The mathematical structure of this system lends itself to analysis of what is known as the transient period from when the system starts out empty and ramps up to some stochastic steady state. The transient occupancy distribution is Poisson with a time dependant mean value function, \(q(t)=(1-e^{-t/b})ab\), where \(a\) is the mean arrival rate of patients and \(b\) is their average length of stay (by Little’s Law, \(ab\) is the average occupancy). As \(t\) gets large, the occupancy distribution converges to the Poisson distribution and \(q(t) \xrightarrow{} ab\). So we can use the \(1-e^{-t/b}\) term to estimate how long (the value of \(t\)) it will take until this term is sufficiently close to 1. Setting this term equal to \(1-\alpha\), where \(\alpha\) is the distance away from one and solving for \(t\) gives a rough estimate of the warmup time, \(t^*\).

\[t^* = -b\ln(\alpha)\]

We can use this to set start_analysis_dt to some value at least \(t^*\) days beyond your earliest arrival date in your stop data.

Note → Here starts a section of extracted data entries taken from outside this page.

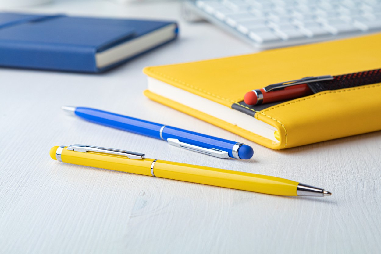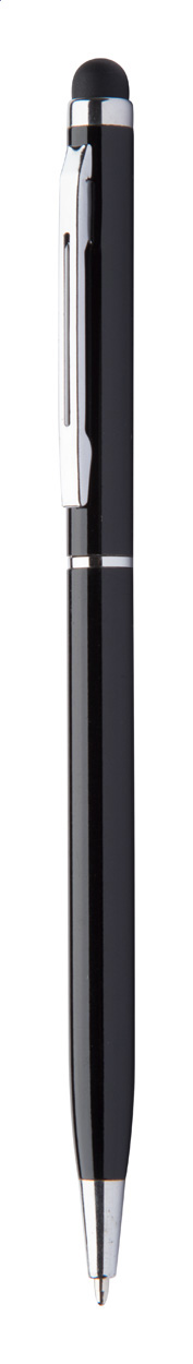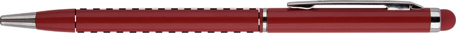 Penna a sfera in alluminio colorato con gommino capacitivo in colore coordinato e refill blu.
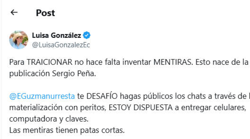Desde su cuenta oficial en X, Luisa González respondió a las acusaciones de Jhajaira Urresta con un mensaje desafiante: la instó a hacer públicos los supuestos chats mediante peritajes formales y aseguró estar dispuesta a entregar sus dispositivos y claves para esclarecer los hechos.
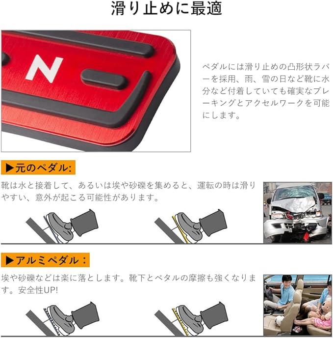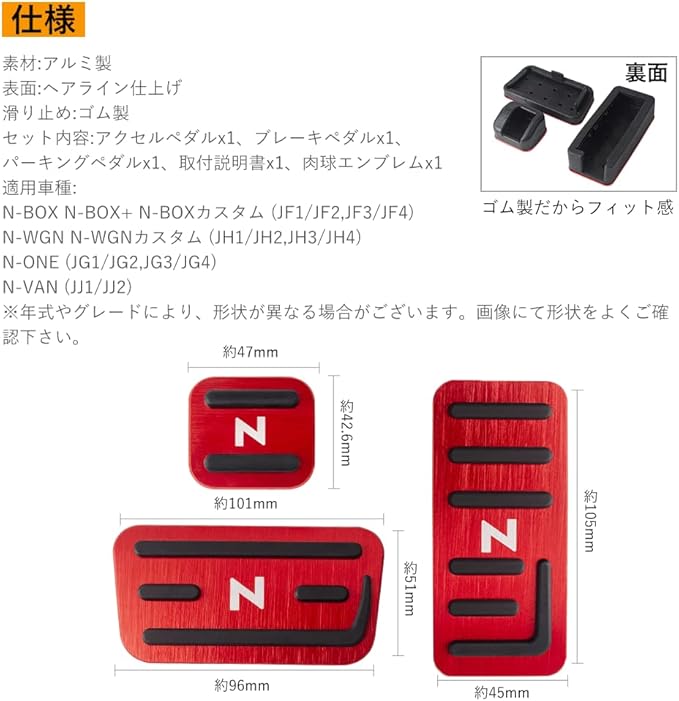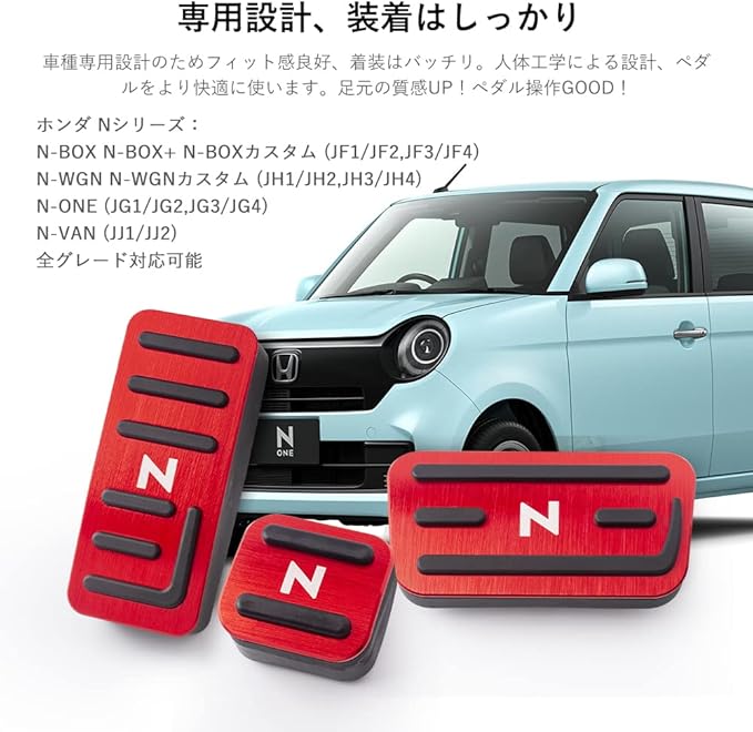 Futwod ホンダ N-BOX N-WGN N-ONE N-VAN ペダル アルミペダル カバー Honda Nシリーズ パーツ 内装 カスタム アクセサリー 滑り止め ブレーキ アクセル パーキングブレーキ レッド 3ピース | oioioichan
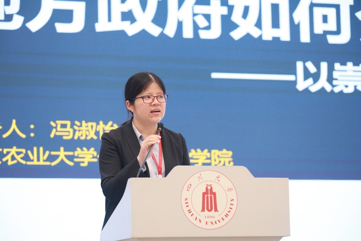 冯淑怡教授的报告题目是“地方政府如何介入农业转型——以崇州‘农业共营制’为例”。她从研究背景与问题提出、理论分析框架与研究假说、案例呈现、结论与讨论四个板块进行了深入浅出的报告。她认为,在农业转型趋势明显、地方政府介入农业转型存在争议的背景下,应该将理论分析和案例验证相结合,从构建地方政府角色和嵌套式案例分析两个创新点入手进行分析,并由此在理论框架分析的基础上提出了三个假说。冯教授以崇州农业转型发展情况为轴,将崇州农业转型实践分为政府不介入、政府不当介入、政府有效介入三个阶段并分析了其中的逻辑,最终得出三个结论:一是传统农业转型升级面临外部性、信息不对称、公共物品所引发的市场失灵问题,孕育着极高的交易费用。二是若地方政府有效介入并配合相关资源可以降低交易费用进而实现农业转型。三是政府不当介入会放大费用引发新的政府失灵从而导致农业转型失败。
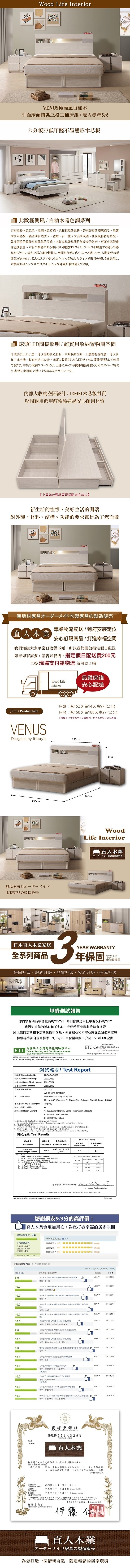 源氏木語西雅圖橡木原木色斜靠雙人5尺150x190夜燈低舖床架 Y90B28 (H014324397)

In the plot below, we show how \(t^*\) varies based on the average length of stay (\(b\)) for \(\alpha = 0.001\).

import numpy as np
from matplotlib import pyplot as plt
alpha = 0.001
b = np.linspace(start = 0.1, stop = 10.0)

t_star = -np.log(alpha) * b 

fig1 = plt.figure()
ax1 = fig1.add_subplot(1, 1, 1)
ax1.set_xlabel('Average length of stay (b)')
ax1.set_ylabel('Warmup days')
plt.title(r'$\alpha = 0.001$')
plt.suptitle(r'Warmup days based on $M/M/\infty$ approximation')
plt.grid(visible=True)

plt.plot(b, t_star);
_images/065d1fa45aebc197f60ea502b9bea17f1c0177966cf7bc995177eca5da85c6d4.png

Horizon effects#

Much like the warmup issue just described, if your stop data is based solely on departures during some date range, occupancy will be affected near the end_analysis_dt by those records with departure times after that date. Again, the way to avoid this is during the creation of the stop dataset by selecting records with departures after the start_analysis_dt AND arrivals before the end_analysis_dt. If that’s not possible, then you can use the same warmup time adjustment (now it’s a decay of occupancy) but subtract it from the last date for which you have departures in your data.